Os equívocos ou falta de êxito não acontecem deliberadamente. Quando um casal se candidata à adoção, acredita verdadeiramente que este é o seu desejo maior e que está pronto para isso, muito embora, com o passar do tempo e a dor das dificuldades, por vezes se dê conta de que essa não era a realidade. Mas este desacerto nada tem a ver com falta de amor, e sim com falta de auto-conhecimento e/ou do outro, ou ainda das verdadeiras necessidades emocionais do casal.

Enfim, é preciso estar conectado com as necessidades “da alma” e agir impulsionado pelo significado emocional da adoção, de acordo com os princípios da essência verdadeira, o “eu” interior.

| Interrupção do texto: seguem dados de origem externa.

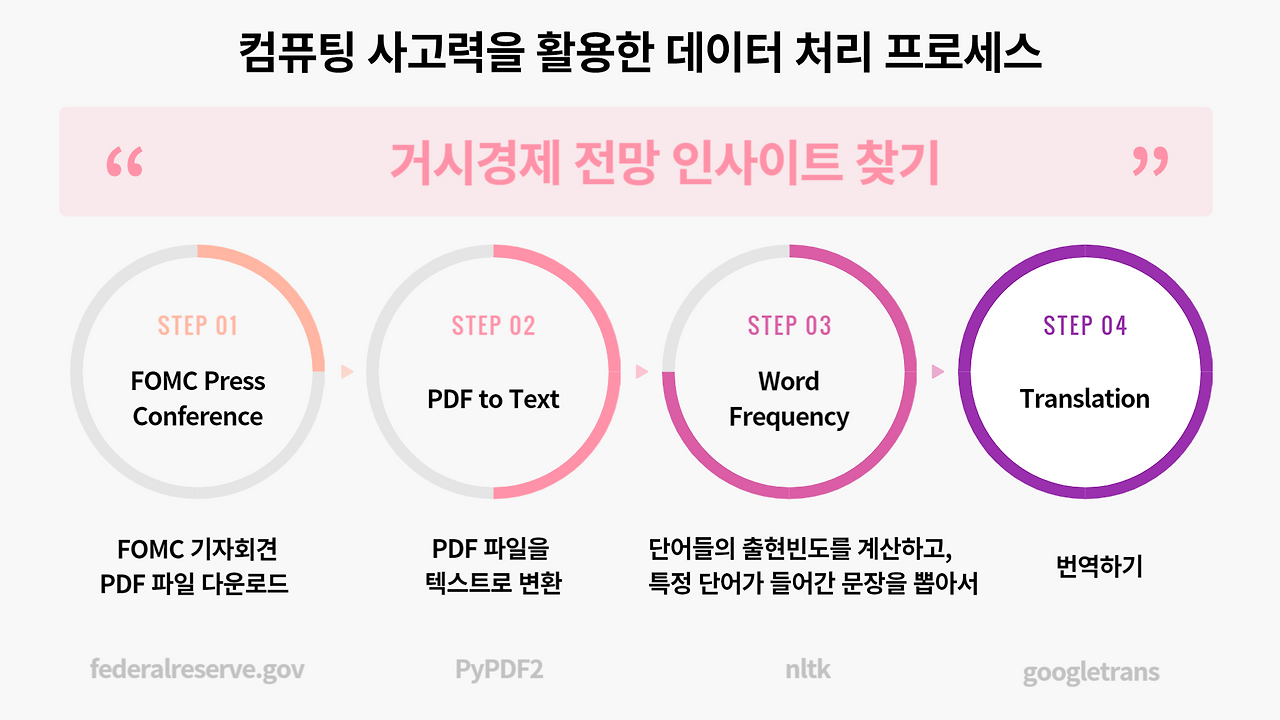 좀 더 엄밀히 말하면, 연방공개시장위원회(FOMC : Federal Open Market Committee)도 데이터를 믿습니다. 그리고 데이터에 기반한 의사결정을 하고 있습니다. 그러한 근거를 찾아보기 위해 FOMC 기자회견 발표문을 분석해보려고 합니다. 데이터를 활용하는 관점에서 컴퓨팅 사고력을 이용해서 다음과 같이 업무를 잘게 쪼개 보았습니다.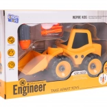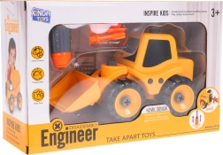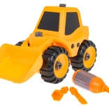 L’emballage comprend un tournevis avec 3 embouts interchangeables (plat, cruciforme et clé) qui aident les enfants à entraîner leur motricité fine, leur patience et leur logique. Ses dimensions compactes font du bulldozer un excellent compagnon aussi bien dans la chambre que dans le bac à sable.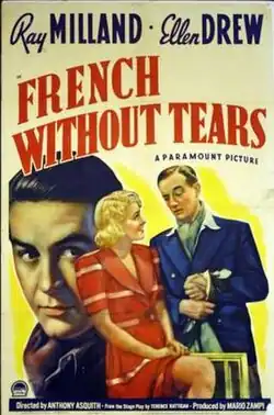 French Without Tears is a 1939 British comedy film directed by Anthony Asquith and starring Ray Milland. It was based on the 1936 play of the same name by Terence Rattigan, who also co-wrote the script. An on-off working relationship between Asquith and Rattigan began with this film and continued over the next 15 years.[1][2]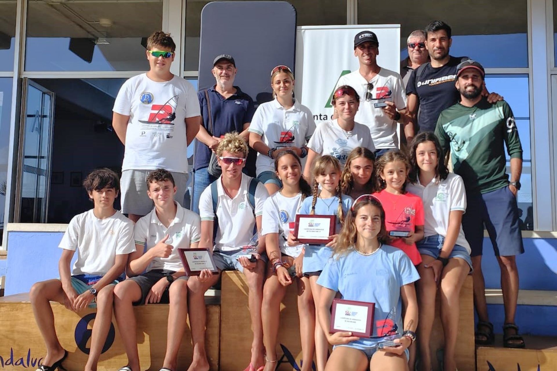 Cuatro podios para la flota el Náutico Sevilla en la cita inaugural de Almería con Miguel Ángel Cervantes y Elena Delgado, campeón y tercera sub16; Petra Murube y Julia Delgado, campeona y subcampeona sub11.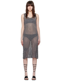 Semi-sheer crinkled knit viscose-blend dress. · Metallic thread detailing throughout · Rib knit scoop neck and armscyes Supplier color: Dark grey 75% viscose, 25% steel. Made in Romania 241072F054002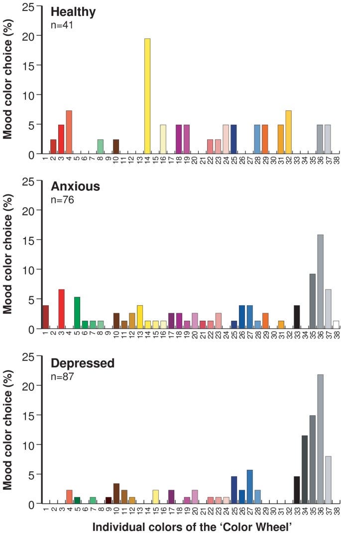 Because color, or the lack of it, makes us unhappy. Here are the color charts picked by - Healthy, Anxious & Depressed subjects.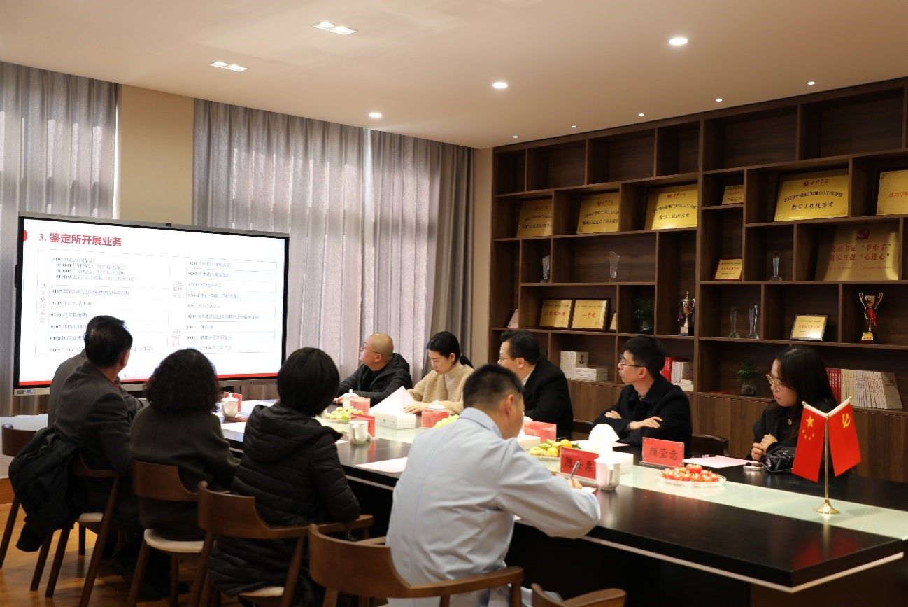 司法鉴定所机构负责人、党支部书记徐广涛副教授从机构现阶段的基本情况、运行至今的业务情况以及接下来的工作重心和发展规划等方面做了详细介绍。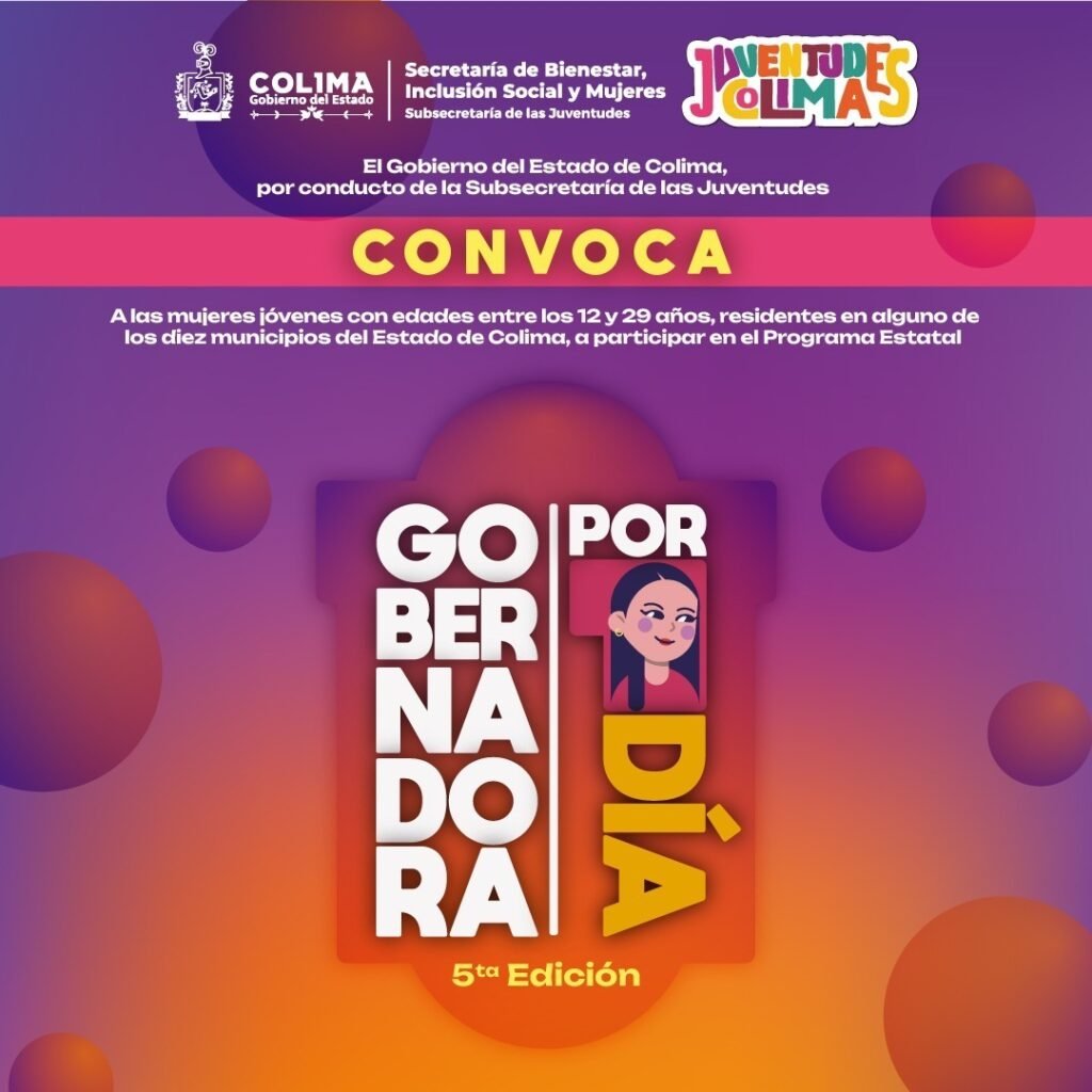 El Gobierno del Estado de Colima, encabezado por la mandataria Indira Vizcaíno Silva, a través de la Subsecretaría de las Juventudes (Subsejuv), convoca a niñas y mujeres de entre 12 y 29 años de edad, a participar en el programa ‘Gobernadora por un Día’. Esta iniciativa busca impulsar la participación activa de las mujeres jóvenes en la vida pública de la entidad.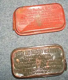 This dressing, already developed in 1904, and subsequently introduced in 1906, was supplied to the troops in a sealed brass casing, to protect the bandage inside against gas attacks, and to also ensure that it remained sterile. An improved version was introduced in 1940, designated First-Aid Packet, U.S. Government – Carlisle Model to tackle the problem of front line wounds and casualties. The Carlisle Bandage underwent a number of changes in its development during WW2. In summer of 1940, U.S. Army, Carlisle Model Small First-Aid Dressing made its appearance. It was contained in a waxed rectangular tuck-end carton, printed with the required markings. Considerable difficulty was encountered in the procurement of the first aid packet. During the Army expansion of 1940, approximately eight million were required for initial stock of equipment In the middle of 1941, the Medical Department decided to amend their specifications, and placed purchase orders for containers made out of tin (instead of brass). The new version was introduced by fall of 1941, together with the very first Sulfanilamide Shaker Envelopes. During the early part of 1943, a plastic container (called Tenite) was developed and put into production, but under field conditions the package warped and broke open. In the course of 1943 the items were wrapped in laminated paper, reinforced with aluminum or lead foil, and covered internally with either pliofilm, cellophane, or polyvinyl butyral and placed inside an appropriate waxed cardboard shell. The small Carlisle model first aid dressing measured approximately 4"X2"X1". When opened, its 1/2"-thick pad measured 7"X4" and had two long gauze tietapes.[2] The Large Carlisle model first aid dressing measured approximately 11 3/4"square. Brief instructions were stenciled on the bandage in red ink. Most packaging included the word "Sterile" and the directions "Red color indicates back of dressing – put other side next to wound." If a dressing was "camouflaged" it was olive drab in color. Detailed explanations and photos concerning the application of dressing to wound were included in a printed manuals for US soldiers.[3][4][5]

O filho adotivo, assim como seus pais, não tem um período de preparação para elaborar a nova estrutura familiar, pois sua chegada à família, via de regra, acontece de forma  abrupta e inesperada. Assim, a elaboração da nova estrutura familiar é construída durante o desenvolvimento da relação pai-mãe-filho, já em pleno desempenho do papel de Pai-Mãe, sendo que o vínculo afetivo se estabelece com a convivência, assim como ocorre na relação entre filhos e pais biológicos.

Dedicar-se profundamente à descoberta do significado emocional da adoção simboliza a “gestação emocional” para o casal adotante –  pai e mãe se preparam para receber o novo membro da família.

Esse período de gestação simbólica propicia ao casal a oportunidade de conceber este projeto de vida, que envolve a escolha, a opção e a aceitação de um ser único, diferente na genética e tão igual na  busca por ser eleito e adotado;  elaborar as motivações de cada um, os medos, fantasias e frustrações, assim como os sonhos e  idealizações; produzir uma ação curadora e preventiva, que possibilitará um maior êxito na adoção realizada de forma madura. E ainda, que tal qual em um parto induzido, aquele cujo trabalho é provocado por meios instrumentais, este é induzido pela reflexão e auto-conhecimento, elementos fundamentais para esta forma de dar à luz a pais adotantes plenos, conscientes, e mais preparados para uma das grandes aventuras da vida: a parceria de pais & filhos.

Edna G. Levy  é Psicóloga, Analista Junguiana e Terapeuta Didata de Sandplay, membro do IBTSandplay-Instituto Brasileiro de Terapia de Sandplay e da ISST- International Society for Sandplay Therapist (Suiça).